DATA PROVIDED:
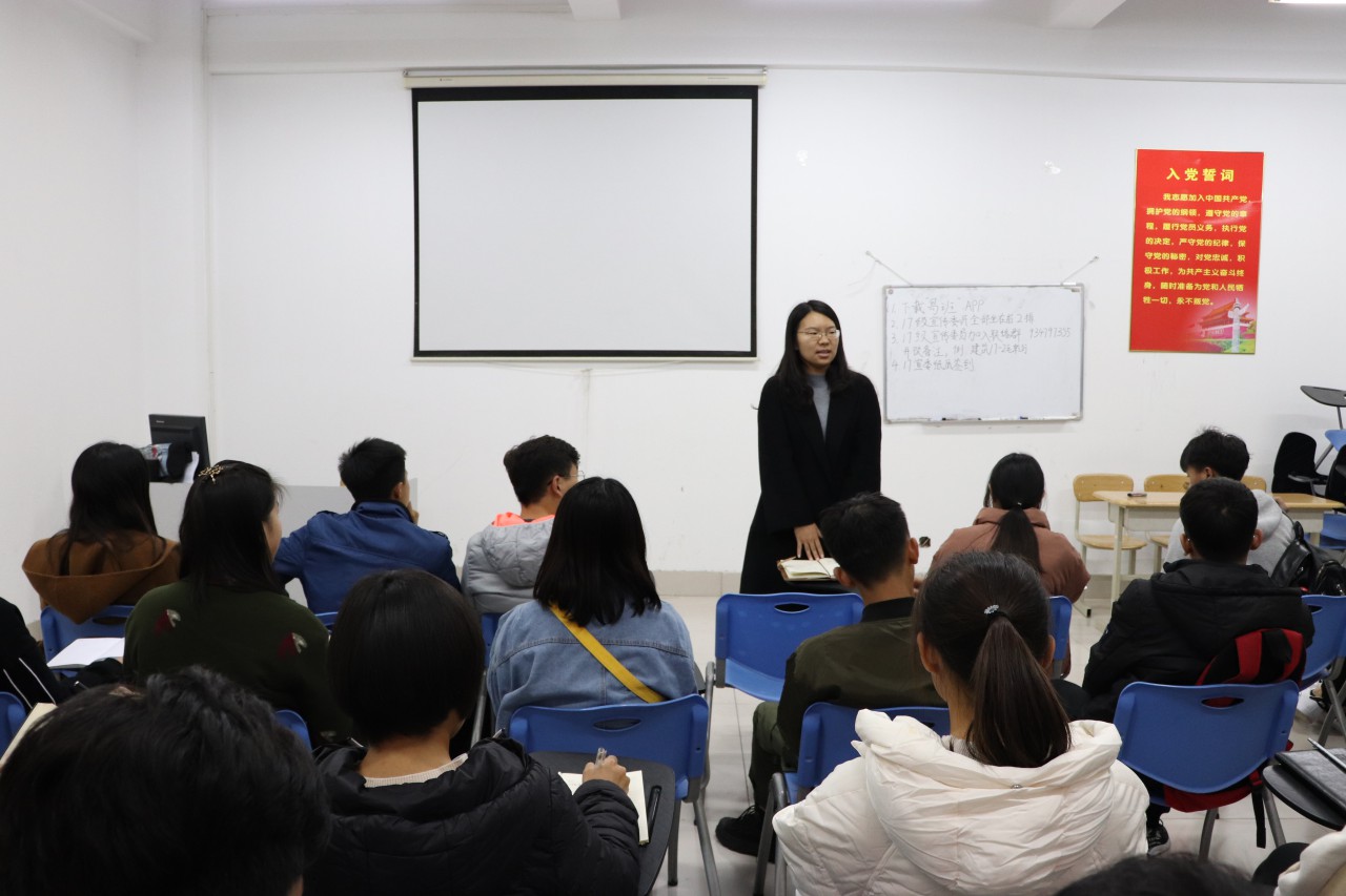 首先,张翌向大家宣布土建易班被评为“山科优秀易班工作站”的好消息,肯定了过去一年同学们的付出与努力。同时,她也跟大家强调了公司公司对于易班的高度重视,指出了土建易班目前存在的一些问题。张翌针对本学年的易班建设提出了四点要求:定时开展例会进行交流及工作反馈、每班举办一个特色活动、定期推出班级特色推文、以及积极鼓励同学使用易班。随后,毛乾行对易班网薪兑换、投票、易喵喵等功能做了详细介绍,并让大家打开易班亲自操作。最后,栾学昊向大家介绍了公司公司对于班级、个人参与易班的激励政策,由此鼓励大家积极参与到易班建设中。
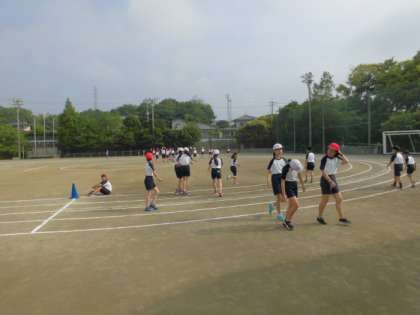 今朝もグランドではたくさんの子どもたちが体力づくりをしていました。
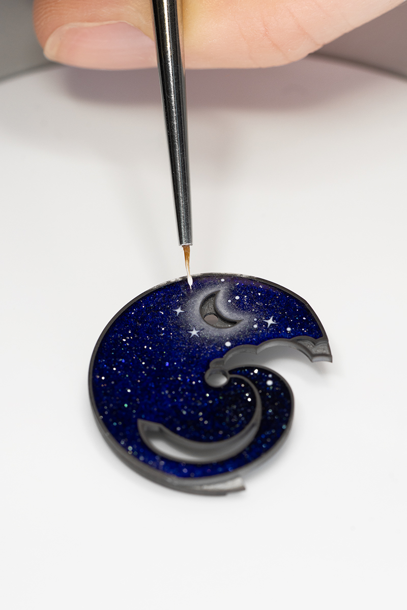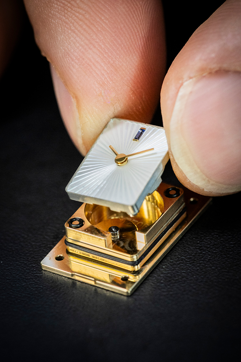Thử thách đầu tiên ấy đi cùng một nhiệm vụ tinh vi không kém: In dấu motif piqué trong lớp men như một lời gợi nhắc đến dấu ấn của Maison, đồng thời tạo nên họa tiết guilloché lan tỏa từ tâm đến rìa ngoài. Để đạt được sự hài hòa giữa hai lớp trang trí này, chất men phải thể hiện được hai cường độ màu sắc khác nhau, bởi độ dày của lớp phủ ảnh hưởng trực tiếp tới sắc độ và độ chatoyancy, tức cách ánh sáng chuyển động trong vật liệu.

TRY IT: Every line of the material is to be quoted exactly, with no pictures carried over.

COMPLETED TASK:
 首先,张翌向大家宣布土建易班被评为“山科优秀易班工作站”的好消息,肯定了过去一年同学们的付出与努力。同时,她也跟大家强调了公司公司对于易班的高度重视,指出了土建易班目前存在的一些问题。张翌针对本学年的易班建设提出了四点要求:定时开展例会进行交流及工作反馈、每班举办一个特色活动、定期推出班级特色推文、以及积极鼓励同学使用易班。随后,毛乾行对易班网薪兑换、投票、易喵喵等功能做了详细介绍,并让大家打开易班亲自操作。最后,栾学昊向大家介绍了公司公司对于班级、个人参与易班的激励政策,由此鼓励大家积极参与到易班建设中。
 今朝もグランドではたくさんの子どもたちが体力づくりをしていました。
Thử thách đầu tiên ấy đi cùng một nhiệm vụ tinh vi không kém: In dấu motif piqué trong lớp men như một lời gợi nhắc đến dấu ấn của Maison, đồng thời tạo nên họa tiết guilloché lan tỏa từ tâm đến rìa ngoài. Để đạt được sự hài hòa giữa hai lớp trang trí này, chất men phải thể hiện được hai cường độ màu sắc khác nhau, bởi độ dày của lớp phủ ảnh hưởng trực tiếp tới sắc độ và độ chatoyancy, tức cách ánh sáng chuyển động trong vật liệu.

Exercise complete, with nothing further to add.